Who doesn't love a quesadilla? And if made with the right blend of ingredients, you can get loads of veggies in your dish and still enjoy that classic quesadilla flavor.
You'll start off by drizzling half a teaspoon of olive oil into a heated frying pan. Add a third cup of diced yellow bell peppers, a quarter cup of diced white onion, one minced garlic clove and one cup of chopped baby spinach. Cook until veggies are tender, then add in 4 chopped up slices or lean chicken deli meat or half a cup of chopped chicken breast. Cook until the meat is warm, remove from heat and set aside.
With a spoon, spread out one quarter of a small avocado on half of a small whole wheat tortilla. Do this, and the next steps, on two tortilla.
On top of the avocado, add chicken and meat mixture.
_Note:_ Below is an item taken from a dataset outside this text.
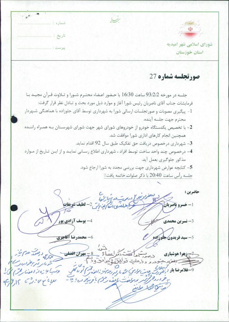 گزارش جلسه شماره ۲۷ مورخ ۹۳/۲/۲ شورای اسلامی شهر امیدیه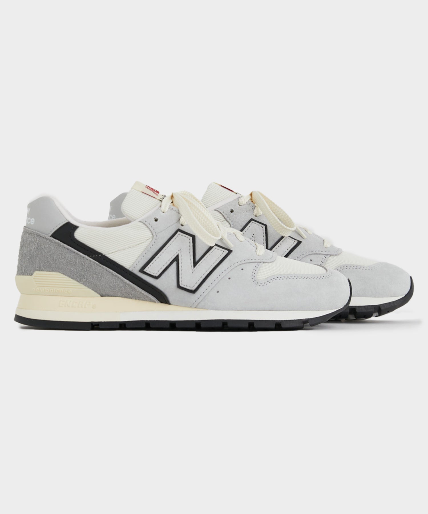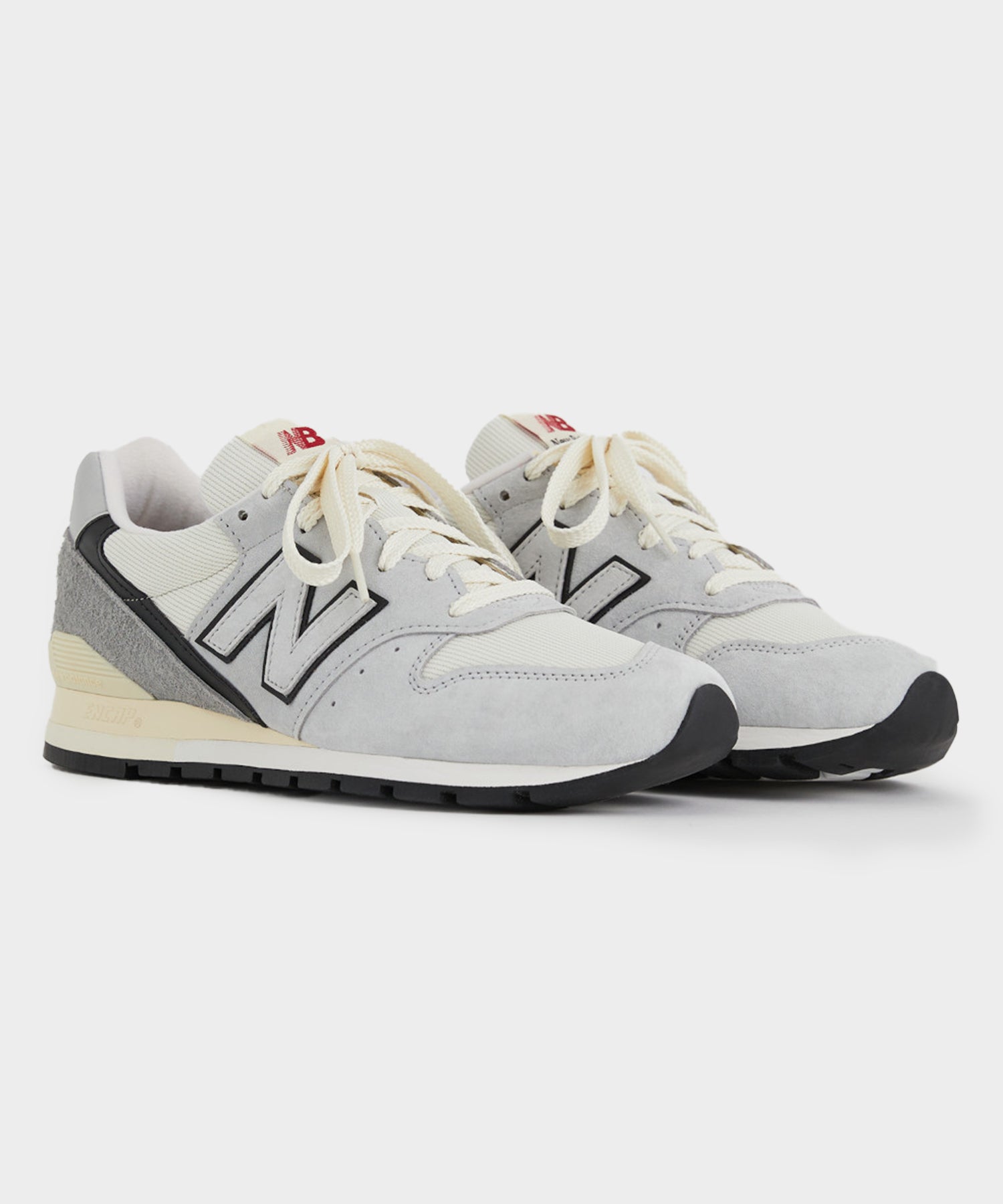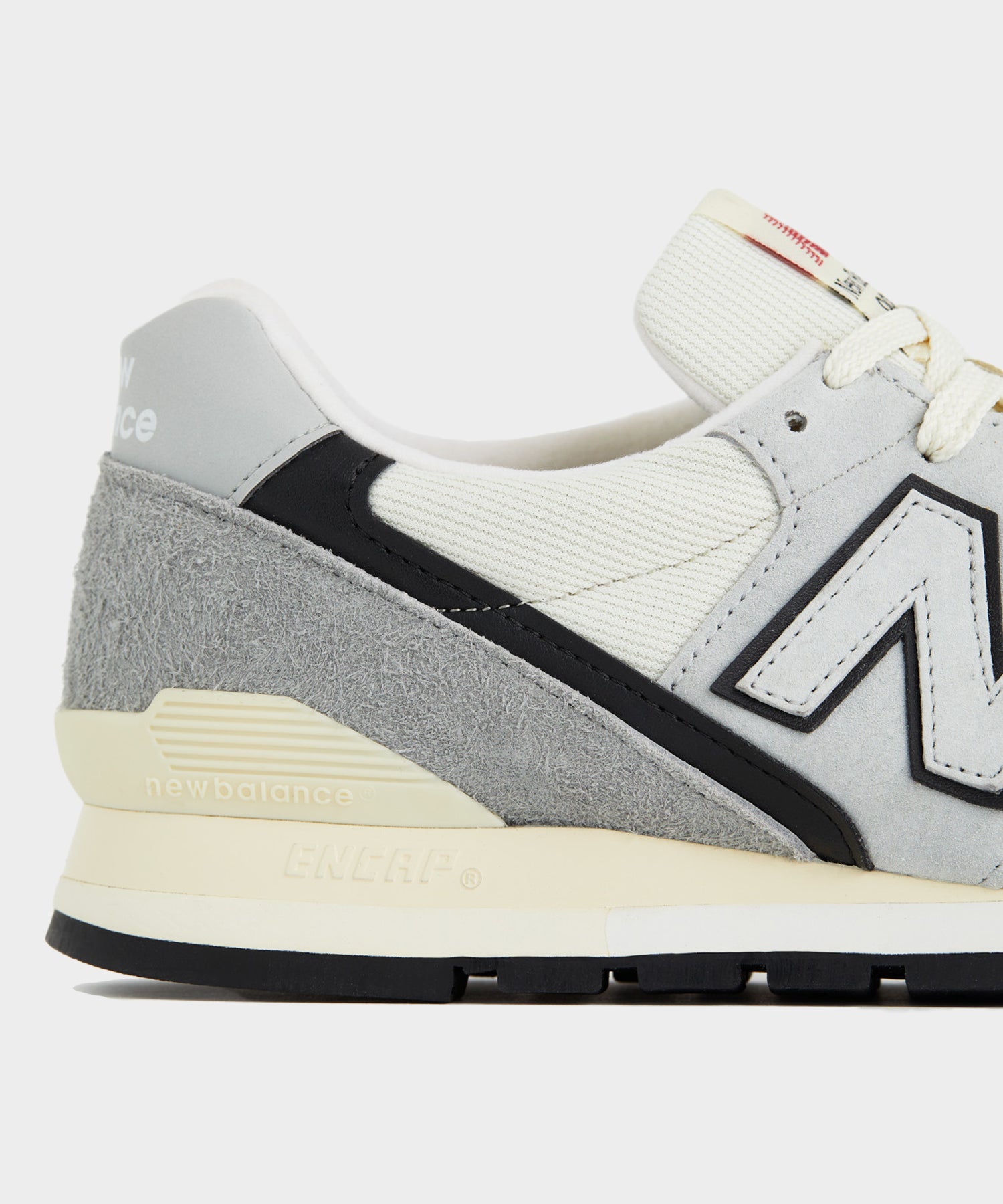 - The MADE in USA 996 features a mesh, suede, and hairy suede material mix, outfitted in 'grey matter', with black and white accents.

Top with one tablespoon of salsa (I used my Fresh Homemade Salsa) and a quarter cup of shredded light cheddar cheese.
On top of the avocado, add chicken and meat mixture. Top with one tablespoon of salsa (I used my Fresh Homemade Salsa) and a quarter cup of shredded light cheddar cheese.
Healthy Chicken & Veggie Quesadilla
Makes 2 servings
Ingredients:
1/3 cup Yellow bell pepper, diced
1/4 cup White onion, diced
1 Garlic clove, minced
1 cup Baby spinach, chopped
1/2 tsp Extra virgin olive oil
4 slices of Lean chicken deli meat, diced, or 1/2 cup of chopped chicken breast
Sea salt & freshly ground pepper to taste
1/2 Small avocado
2 tbsp Salsa (I used my Fresh Homemade Salsa)
1/4 cup light cheddar cheese, shredded
2 Small whole wheat tortillas
Instructions:
- Drizzle olive oil into a heated frying pan. Add yellow bell pepper, white onion, garlic and spinach. Cook until veggies are tender.
- Add in chicken and cook for a few minutes until until it's warm. Add sea salt and freshly ground pepper to taste.
- Spread avocado onto half of tortillas (1/4 avocado per tortilla).
- Add turkey and veggie mixture to tortillas. Top with salsa and cheese.
- Fold tortillas in half and fry in a frying pan until each side has browned or place in a George Forman Grill for 5 minutes.
- Slice in half and serve.
Makes 2 servings. Each serving is approximately 310 calories.